Questions I have for other patients (NHBPM 19)

Questions I have for other patients:

1. Before your experience of acquired disability, did you know that  disability is not a neat duality? I was surprised to find it’s not black/white or on/off or able/disabled. (Same goes for continence. Oi.)

2. Did your doctor encourage you try using mobility aids, or did you have to figure it out yourself?

3. Also, assuming you have periodic check-ups with your neurologist, how do you communicate to your doctor about the totality of your experience living with MS? I wrestle with knowing that what they see of me on any given day may not at all represent my day-to-day health or ability.

4. Am I the only one to figure out that the mental components of your coping toolbox are as important, or even more important than, the physical resources you bring to the fight?

5. Do you find the “help us find a cure!” and “let’s all cure it” and “fund a cure!” messages really stilted and distasteful, especially when it’s coming from the major national organizations dedicated to your disease? Research is important, of course.

But what about things we can change or improve now to make life easier for people with a disease that may or may not ever be curable, things like more flexible work schedules, more telecommuting, more accessible housing, medical cannabis, better public transportation, more cohousing options for adults and families, etc etc etc? A cure for MS would only benefit people with MS, whereas systematic social and infrastructure changes could benefit everybody!

6. In magazines and on websites for people with MS, have you also noticed the mismatch between the moderate-to-high level of disability depicted in images and topics related to living with MS versus the happy words used to flog a hopeful, positive prognosis? It makes me suspicious that they know something they’re not telling me.

7. For those of you whose blog is based around your condition, how in the world do you keep it up?! This 30 day streak is wearing on me, and I get the feeling I may never write  about MS again once it’s over. (“It” = the 30 day streak, not the MS; see notes on “cure” above.)

What questions do you have for patients with MS, or any other chronic illness? Ask away, and I’ll do my best to share, find, or make up an answer.

If I could change one thing about health care (NHBPM 18)

…it would be to bring the communication methods into the modern day.

Harness the power of email, the internet, and smartphones to make communication between patients and providers possible, easier, and more efficient. It sounds revolutionary, because it would be.

I assume there is antiquated quasi-legal precedent for privileging telephone and facsimile communications as private and secure. But that is laughable, and you don’t have to slide very far on the the paranoid spectrum to see the potential problems.

Maybe when you call the doctor’s office, the receptionist doesn’t put you on speakerphone. But how often does she have to repeat back your name, symptoms, and phone number, just to make sure the message is received? How often is the receptionist seated at or near the waiting room and/or the checkout desk? How often are there other people in the room — within earshot — who have absolutely no legitimate role in your care?

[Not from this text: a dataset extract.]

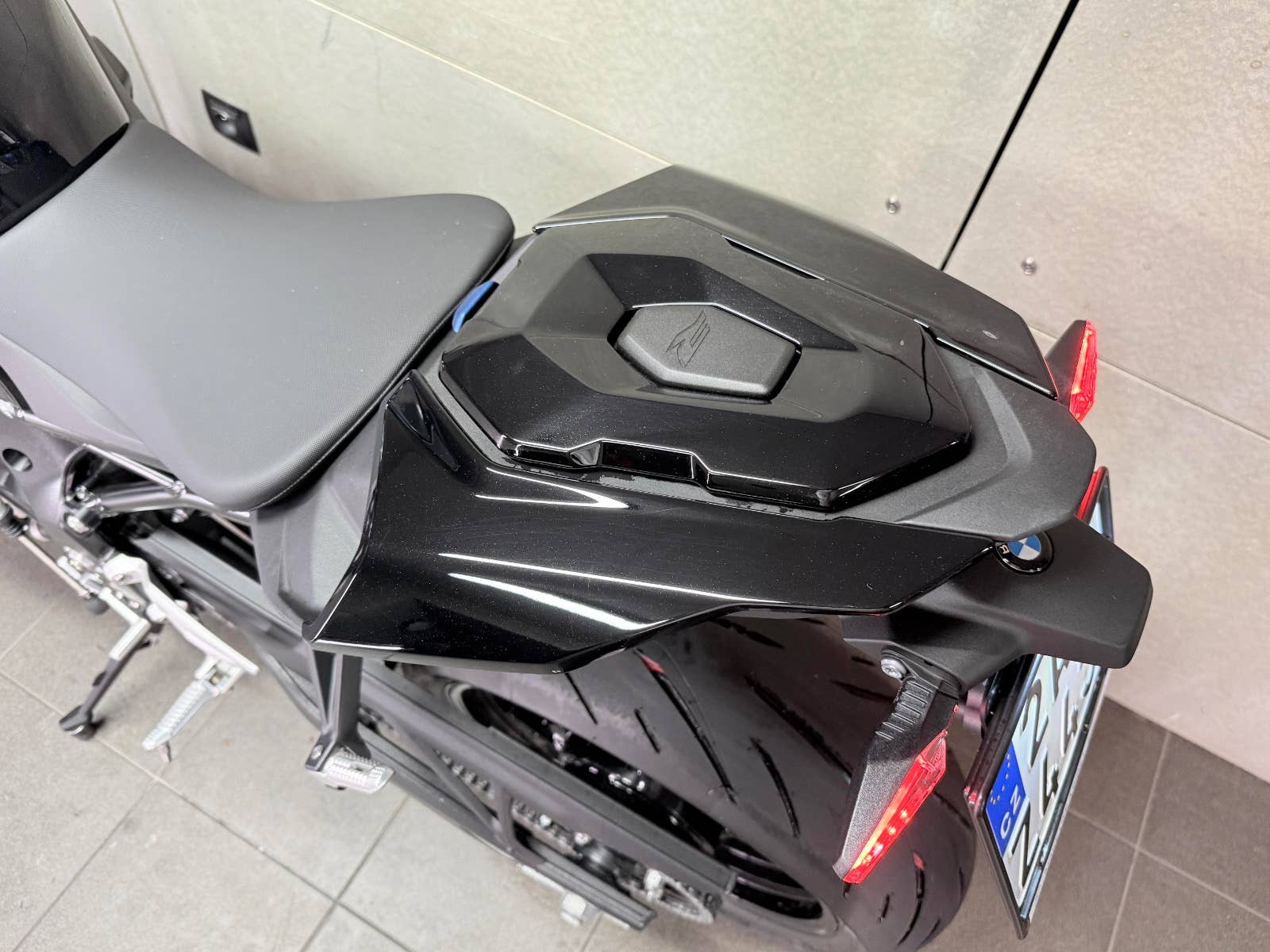 BMW S1000R, r.v. 2025, koupená nová u dealera v Praze, prodloužená 5-letá tovární záruka, dokooupeny packety Comfort a Dynamic, spodní spojler pod motorem, Vybaveno ABS Pro, Quicshifter Pro, Bezklíčové startování, Vyhřívané rukojeti, Paket sedačky spolujezdce, DDC - Elektronická regulace podvozku, Řadící asistent PRO, TPC (kontrola tlaku v pneumatikách), tempomat, vyhřívané rukojeti, zadní krovka sedla spolujezdce a další funkce. Nevhodný dárek (NEJEDNÁ SE O PŘEDVÁDĚCÍ MOTOCYKL)! Najeto pouze 489 km, koupeno před měsícem. Ve stavu uplně nového kusu. Původní cena 498.900 Kč.

Q. How is this better and more secure than sending an email to your nurse or doctor?

A. It’s not.

I hate talking on the phone. I do it as little as possible. It’s awkward, inaccurate, and temporally inconvenient.

I also do not send faxes except under extreme duress. Faxes are inconvenient to send and receive, and even once you’ve managed that, how many legible faxes have you ever received? That could be anybody’s signature on that records release — or is it a birthdate or their pizza order?

When will I be able to request a doctor’s appointment online, the way I do with my hairdresser?